LNCaP or PC-3 cells transfected with plasmid expressing Flag-tagged PHF8 Wt were incubated for 40 h and further treated by 1% hypoxia for 12 h at 37 ºC, followed by fixation with 4% paraformaldehyde, cells were permeabilized with 0.5% Triton X-100 in phosphate-buffered saline at room temperature for 20 min, and blocked in 10% goat serum for 30 min at 37 ºC. Flag-tag was stained with mouse anti-Flag monoclonal antibody (1:1000; F1804, Sigma-Aldrich, St Louis, MO USA) at 4 °C and goat anti-mouse antibodies conjugated to fluorescein isothiocyanate (FITC; 1:200; SA00003-1, Proteintech) for 1 h at 37 ºC. To observe the methylation level, rabbit anti-H3K9me1, H3K9me2 and H4k20me1 primary antibodies (Abcam, 1:1000) and goat anti-rabbit secondary antibodies conjugated to cyanine 3 (Cy3; 1:400; CW0159, CWBiotech, Beijing, PRC) were used. The nuclei were stained for 15 min with 40, 60-diamidino-2-phenylindole (DAPI, KGA215, KeyGen BioTECH) at 37 ºC, and images were obtained with confocal microscopy (LSM700; Zeiss, Oberkochen, Germany).
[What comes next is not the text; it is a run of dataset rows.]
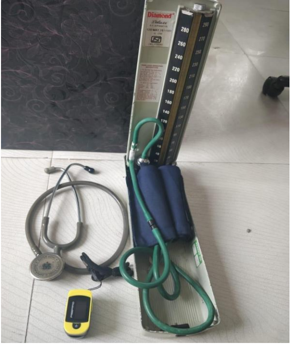
Fig. 2: Apparatus used in the study.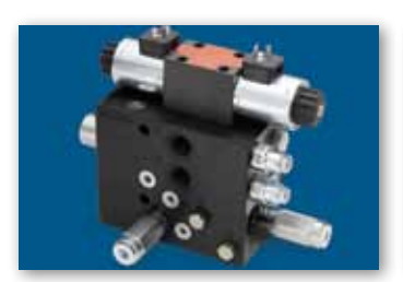
PWM STEERING VALVE

Learn more about Matrix Guidance. See Bulletin No. 98-01344-UK.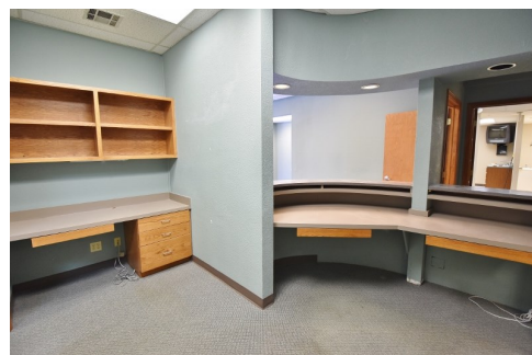
Suite 8026 - Reception Work Area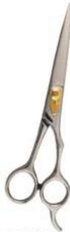
BBS-005 Professional hair cutting scissors Size: 5.5", 6", 6.5"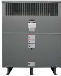
Style D, NEMA 1 Rated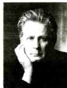
Sorry, that was too easy...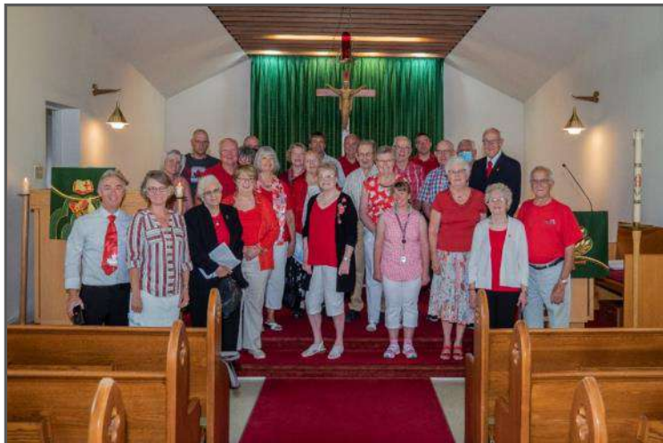
July 3 Red and White time together!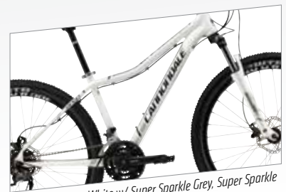
Magnesium White w/ Super Sparkle Grey, Super Sparkle Silver and Jet Black, Gloss (02) - WHT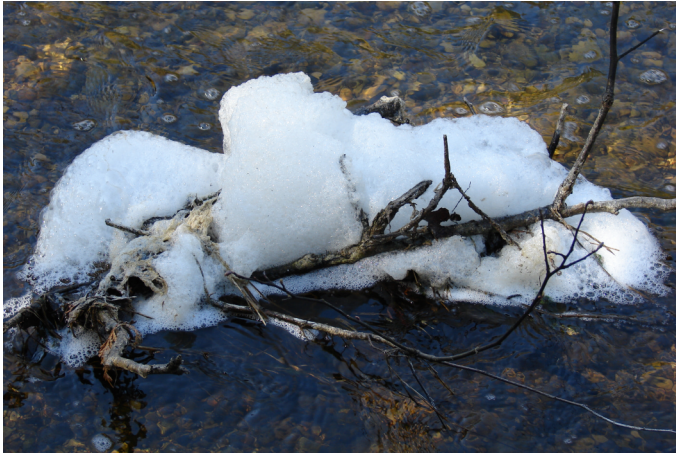
Foam on Shivering Sands Creek

County Land Trust is a local, nonprofit organization dedicated to preserving Door County's open spaces and wild places. Since 1986, the Door County Land Trust has permanently protected over 6,000 acres throughout Door County. Visit the Land Trust's website to find out more about the Land Trust and for maps and directions to Land Trust nature preserves.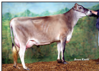
HEARTLAND HALLMARK ALTHEA Sister to the Grandam of Lot 1828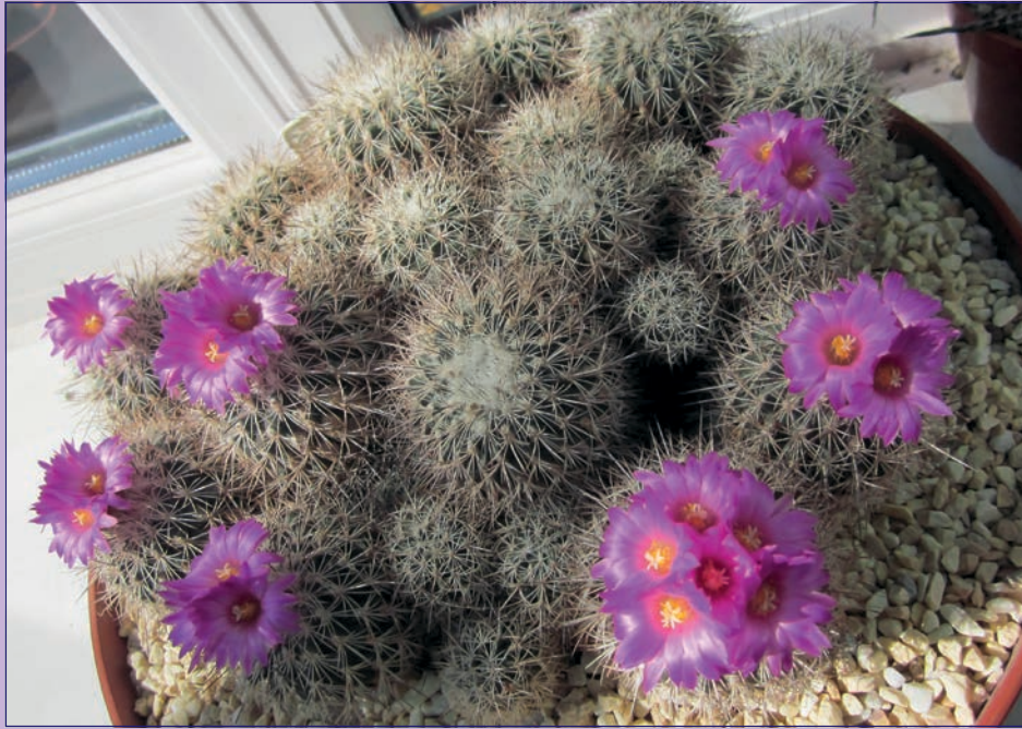
Above: Gymnocactus horripilus Below: Mammillaria/Mammilloidia senilis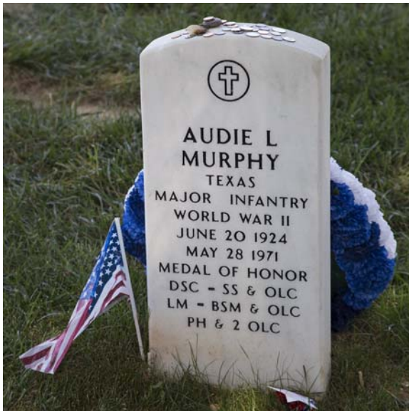
Audie Murphy's grave

While at Arlington National Cemetery, we also viewed Audie Murphy's grave.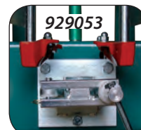
Low lip jaws for some Japanese produced cars.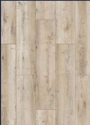
54821 XL YELLOWSTONE OAK PAGE 32-33

PARAMETERS OF PARTICULAR PRODUCTS ARE SUBJECT TO UPDATES. THE INFORMATION CONTAINED IN THIS CATALOGUE DOES NOT CONSTITUTE AN OFFER WITHIN THE MEANING OF THE CIVIL CODE OR UNDER THE ACT ON SPECIFIC TERMS AND CONDITIONS OF CONSUMER SALE. COLOURS PRESENTED IN THIS CATALOGUE MAY DIFFER FROM THE PRODUCTS THAT ARE ON SALE.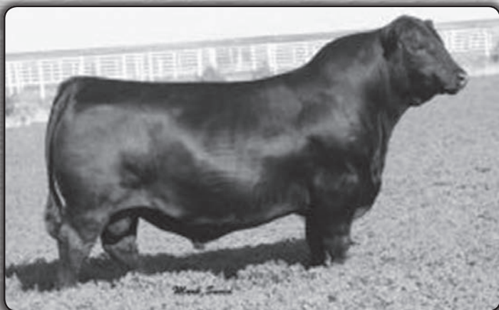
Prairie Pride Next Step 2036 - Reference Sire D

Chromatin immunoprecipitation (ChIP) assay

Cells were cross-linked with 1% formaldehyde (Sigma) and chromatin DNA was extracted using the chromatin extraction kit (ab117152, Abcam). The DNA was sheared to 200–1000 bp by sonicating 4x10s at 40% of maximum force. IgG or antibody against PHF8 or AR were added to the lysates and incubated for 2 h at room temperate on an orbital shaker (100 r.p.m.). After washing four times, the cross-linked protein–DNA complex was reversed by proteinase K at 65 °C for 15–20 min, followed by incubation at 95 °C for 5–10 min. Purified DNA was used for PCR with specific primer pairs targeting the enhancer regions of the PSA and NKX3.1 promoter. Information of the primers was shown in the Supplementary Table 9.

PHF8 siRNA transfection

VCaP cells were transfected with chemical systhesis siRNA against human PHF8 (Invitrogen). RT–PCR were used to detect PHF8 knockdown in VCaP cells. Information of the primers was shown in the Supplementary Table 10.

Statistical analysis

All data are expressed as means±standard error. Comparisons between two groups were conducted using unpaired Student’s t-test. Experiments with more than two groups were compared by one-way ANOVA with Tukey’s multiple comparison for equal variances or by Kruskal–Wallis test followed by Dunn's Multiple Comparison if equal variances were not assumed. Statistical analyses were performed using Graph Pad Prism version 5 (Graph Pad Software, San Diego, Calif., USA). A value of P<0.05 was considered to be statistically significant. Kaplan–Meier plots with log-rank statistical testing and Cox regression analysis was used in patient survival analysis. Tests were undertaken using SPSS, version 19.0, computer software (SPSS Inc., Chicago, IL, USA).